1. How does a wireless remote work with ADI? ADI takes the distance, measured from focusing, and figures out the amount of flash based based on that? With a certain aperture, ISO, a quick calculation should tell you the amount power the flash needs to output based on the distance, using that inverse square law. But, the camera has no idea how close, or far that wireless slave is so how could it ever determine the power required for that?
2. With TTL, the camera fires the flash, figures out how much power it needs metering through the lens, then opens the shutter and fires at that power. Wirelessly, I'm assuming, the controller must tell the slave to fire, the camera meters that, decides how much the power it needs the slave to actually fire, tells the slave that, shutter opens, command to slave to fire. Does that sound about right? But if there is no slave for the preflash, what's it do? It has nothing to meter from the slave, so what does it do?

My guess (emphasize: ﻿guess﻿) is, when using wireless flash, it doesn't make a bit of difference whether the in-camera setting for flash is ADI or P-TTL: Just as when you use a single flash in the hot shoe and you turn the flash head off straight forward, you get P-TTL even if the camera setting is ADI, so here, I think it's got to be P-TTL. The camera can't measure the distance of the remote flash from the subject. I mentioned ADI only because I was trying to be aware of everything that could possibly be a variable, whether I understand why it's a variable or not.

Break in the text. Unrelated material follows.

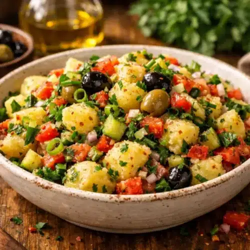 Before you cook, understand the simple logic behind this salad: the potato provides body, olive oil and lemon make the dressing, and fresh herbs deliver brightness. The method stays deliberately straightforward so the potatoes keep their texture while the dressing infuses flavor. Follow a gentle hand when tossing so you keep those lovely potato chunks intact — you want salad, not mash. IMO, small technique choices make a big difference here.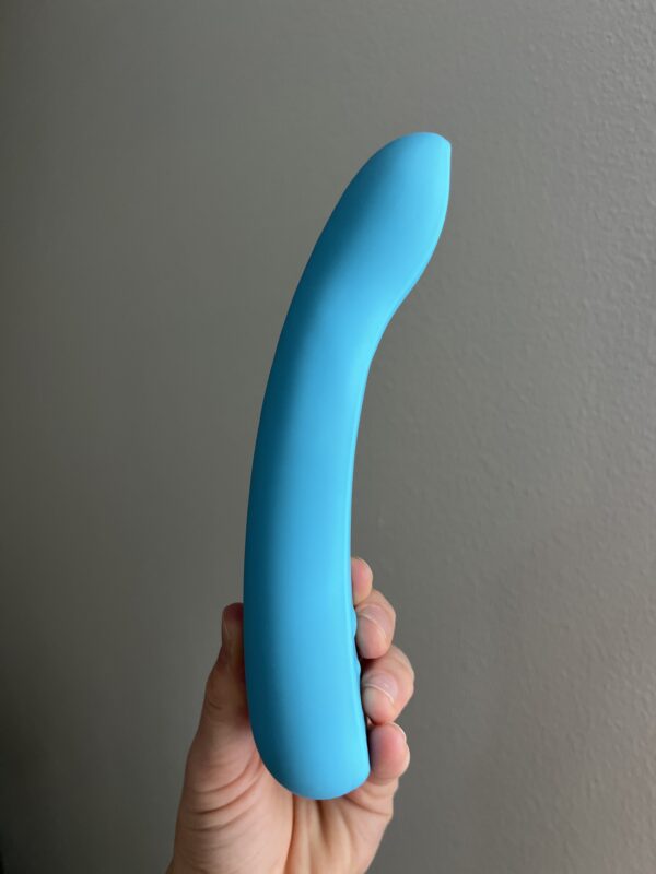 Another observation: when it’s plunged inside, curve facing in toward the front of my body, the shaft of the Aonami still comes into contact with the base of my clit, transferring teasingly subtle vibrations. The edges of the flattened side gently stimulate this area too, as the tip massages, and that feels super nice. Its curvature is just about perfect for me.

Now I don't know exactly how the metering is done in wireless flash mode. I wasn't trying to take a "good" exposure here in the normal sense. I was only trying to see how much light was coming from the on-board, control flash unit, as compared to the amount coming from the remote. That's why I turned the FEC down to negative 3: so that the remote flash could do anything it needs to communicate with the camera but so that it's final output will be minimal.